● TASK DETAILS: For the material below, return exactly the lines starting at the line containing "Like the Mini" and ending at the line containing "Zdjęcia, Jezioro, Mgła, Różowe, Niebo, Kamienie", both ends included, and no others.

● ENTRIES PROVIDED:

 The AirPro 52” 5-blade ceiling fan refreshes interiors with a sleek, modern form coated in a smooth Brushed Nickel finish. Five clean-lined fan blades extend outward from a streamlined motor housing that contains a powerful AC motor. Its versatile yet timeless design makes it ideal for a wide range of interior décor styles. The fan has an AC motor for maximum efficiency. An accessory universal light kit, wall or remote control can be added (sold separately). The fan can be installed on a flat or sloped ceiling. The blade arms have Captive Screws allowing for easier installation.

* * *

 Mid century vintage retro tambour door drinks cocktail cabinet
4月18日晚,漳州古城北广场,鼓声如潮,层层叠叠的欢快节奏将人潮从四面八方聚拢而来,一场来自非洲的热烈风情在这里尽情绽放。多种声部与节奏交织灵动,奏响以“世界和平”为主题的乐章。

--

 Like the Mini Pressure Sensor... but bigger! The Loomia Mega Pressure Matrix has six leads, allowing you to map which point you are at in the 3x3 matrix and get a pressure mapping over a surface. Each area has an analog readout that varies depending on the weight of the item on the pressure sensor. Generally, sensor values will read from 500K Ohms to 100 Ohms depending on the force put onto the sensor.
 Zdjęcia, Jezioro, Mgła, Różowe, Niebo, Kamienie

● RESPONSE TO THIS TASK:
 Like the Mini Pressure Sensor... but bigger! The Loomia Mega Pressure Matrix has six leads, allowing you to map which point you are at in the 3x3 matrix and get a pressure mapping over a surface. Each area has an analog readout that varies depending on the weight of the item on the pressure sensor. Generally, sensor values will read from 500K Ohms to 100 Ohms depending on the force put onto the sensor.
 Zdjęcia, Jezioro, Mgła, Różowe, Niebo, Kamienie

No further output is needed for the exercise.